> [WHAT TO PRODUCE]: Write down the listing again exactly as it appears below, without its pictures.

> [MATERIAL PROVIDED]:

........

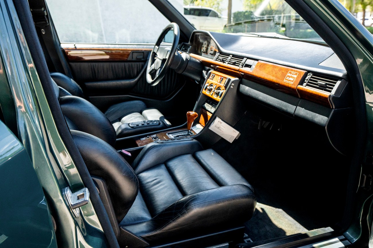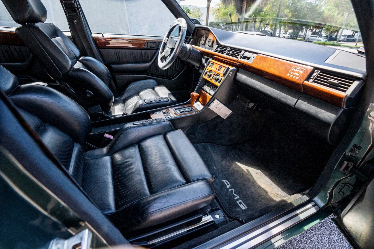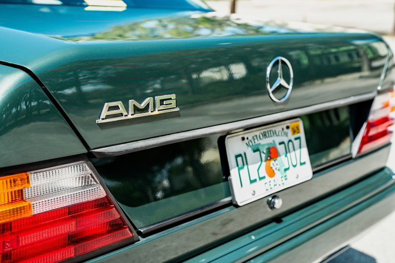 Perhaps the most bang-for-your-buck to be had today in the collector car world, the W124 AMG's have become widely recognized as some of the best AMG builds to ever be produced. The premerger era of AMG was the wild west of tuning and produced some of the most interesting cars. AMG developed the legendary Hammer 6.0L version of this car which was record-breaking at the time, beating even the most exotic of sports cars. This unique W124 3.4L was built by AMG Japan and comes in a stunning Pine Green Metallic paint and paint-matched multi-piece OZ Aero III wheels, an AMG gauge cluster, AMG exhaust, AMG suspension, additional interior wood, Momo M38 steering wheel, and Recaro Classic seats. The bored and stroked 3.4-liter M104 delivers an impressive 268 horsepower in a time when other straight sixes struggled to break 200. Interestingly, this car was ordered without the AMG body kit making it a top tier sleeper. Ordering perfomance enhanced AMG's without the body kit was suprisingly popular in period. No matter the owners preference, you could check as many or as little boxes in the AMG catalog as your heart desired, or as your wallet could afford. As collectors fine tune their appetite today, color has become one of the strongest determination of value; and rightfully so. We wouldn't mind if all of our cars were Pine Green. From the sleeper status to the well-appointed interior and beefed up 3.4 under the hood, this W124 AMG required taste and style to own.
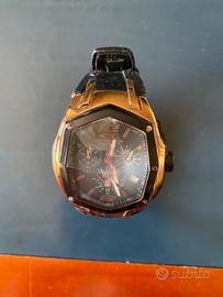 Orologio con quadrante esagonale e prisma, interamente in acciaio, cinturino in gomma. Cronografo
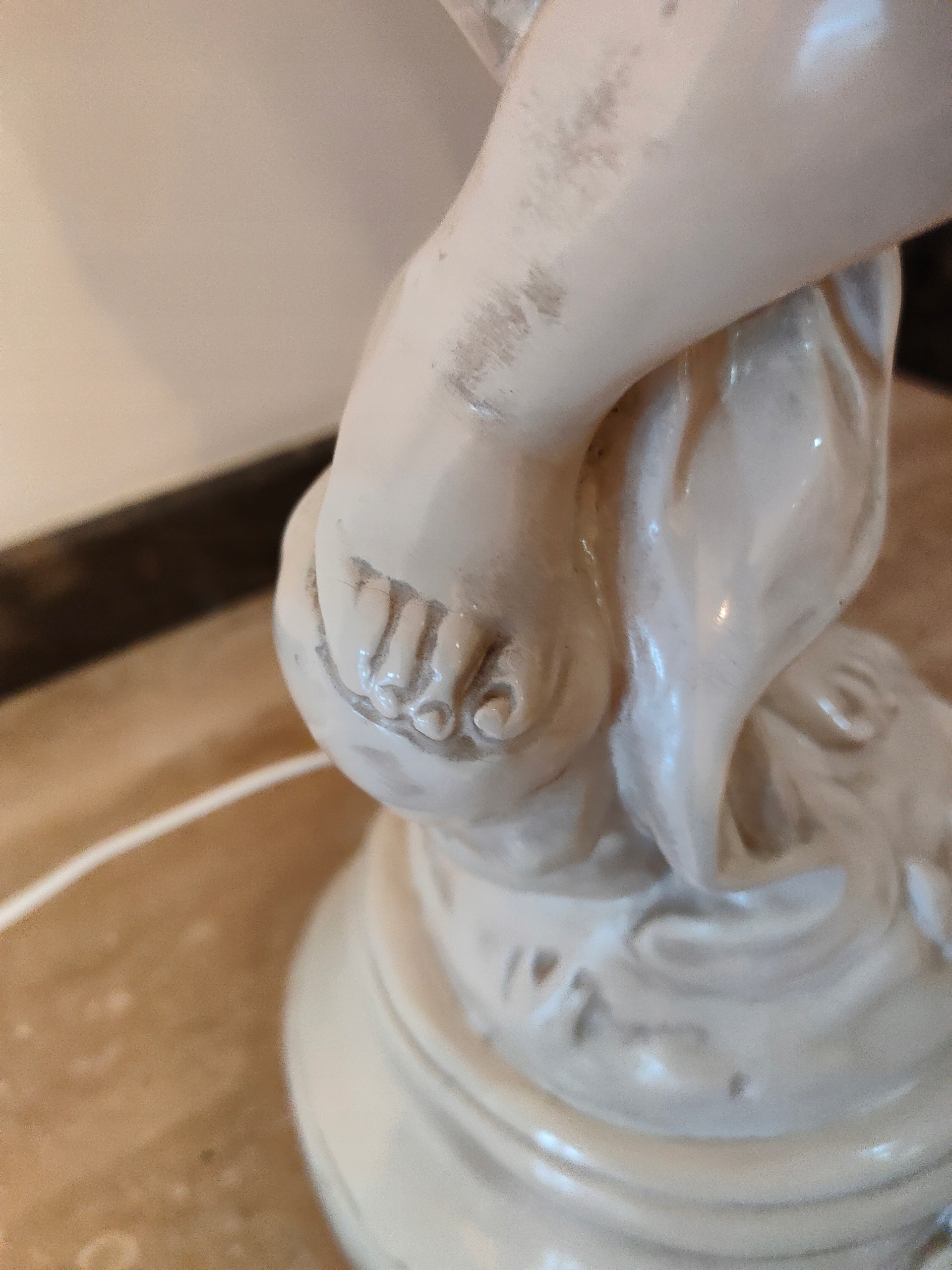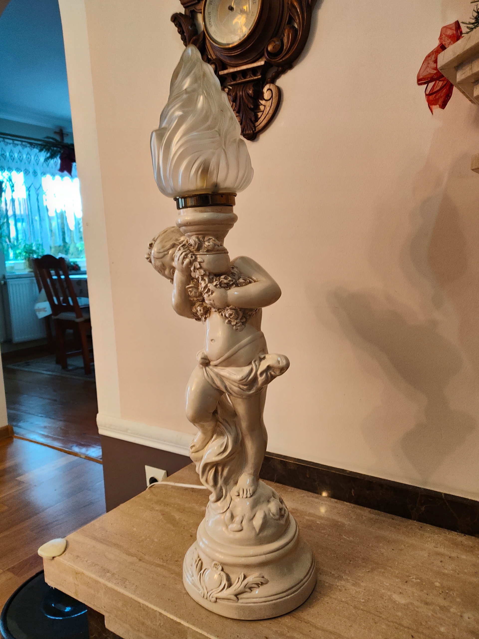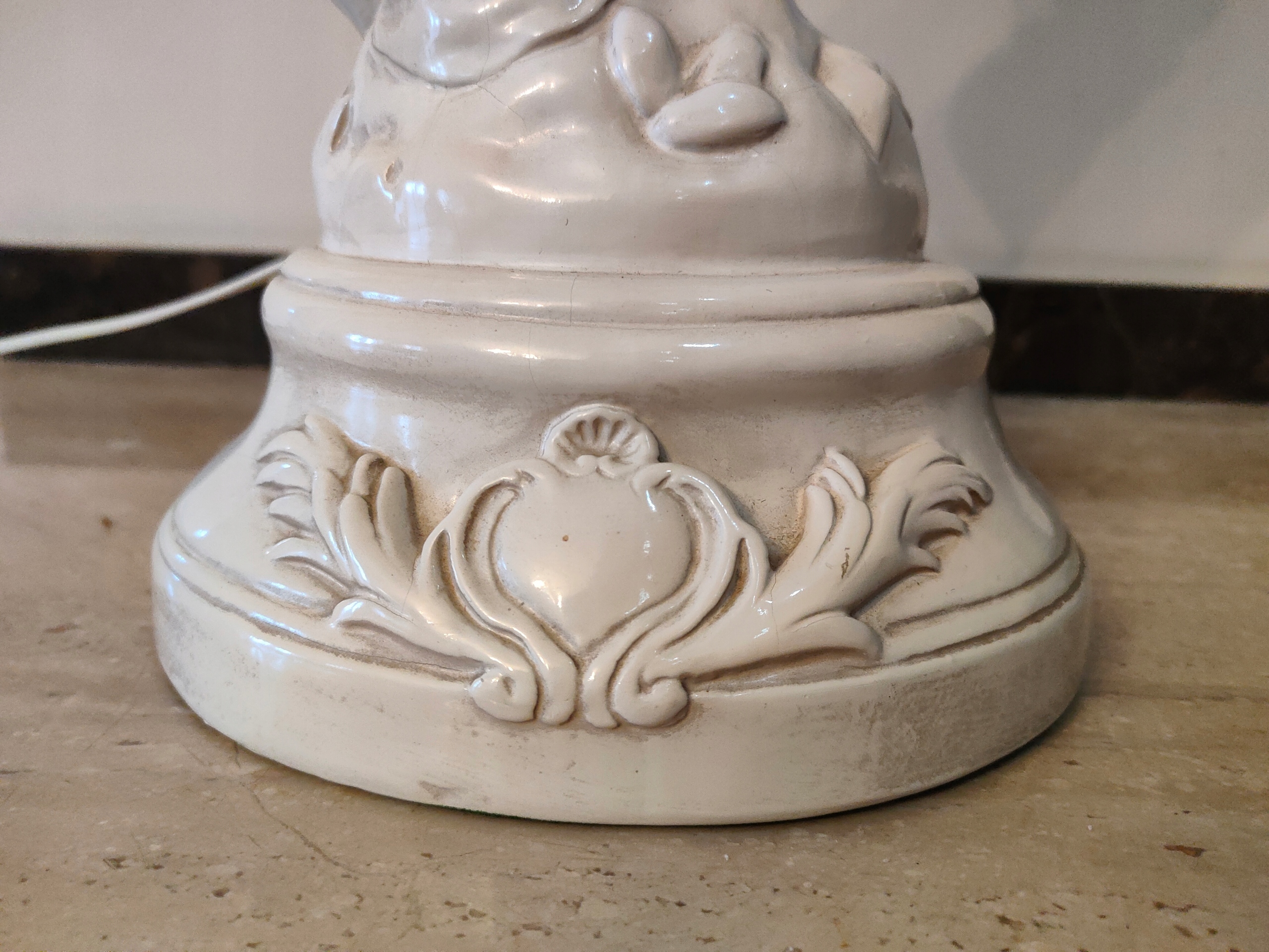 Lampa ceramiczna lup porcelanowa. z figurką CHERUBINA.w kolorze z kosci sloniowej.

........

> [EXERCISE SOLUTION]:
 Perhaps the most bang-for-your-buck to be had today in the collector car world, the W124 AMG's have become widely recognized as some of the best AMG builds to ever be produced. The premerger era of AMG was the wild west of tuning and produced some of the most interesting cars. AMG developed the legendary Hammer 6.0L version of this car which was record-breaking at the time, beating even the most exotic of sports cars. This unique W124 3.4L was built by AMG Japan and comes in a stunning Pine Green Metallic paint and paint-matched multi-piece OZ Aero III wheels, an AMG gauge cluster, AMG exhaust, AMG suspension, additional interior wood, Momo M38 steering wheel, and Recaro Classic seats. The bored and stroked 3.4-liter M104 delivers an impressive 268 horsepower in a time when other straight sixes struggled to break 200. Interestingly, this car was ordered without the AMG body kit making it a top tier sleeper. Ordering perfomance enhanced AMG's without the body kit was suprisingly popular in period. No matter the owners preference, you could check as many or as little boxes in the AMG catalog as your heart desired, or as your wallet could afford. As collectors fine tune their appetite today, color has become one of the strongest determination of value; and rightfully so. We wouldn't mind if all of our cars were Pine Green. From the sleeper status to the well-appointed interior and beefed up 3.4 under the hood, this W124 AMG required taste and style to own.
 Orologio con quadrante esagonale e prisma, interamente in acciaio, cinturino in gomma. Cronografo
 Lampa ceramiczna lup porcelanowa. z figurką CHERUBINA.w kolorze z kosci sloniowej.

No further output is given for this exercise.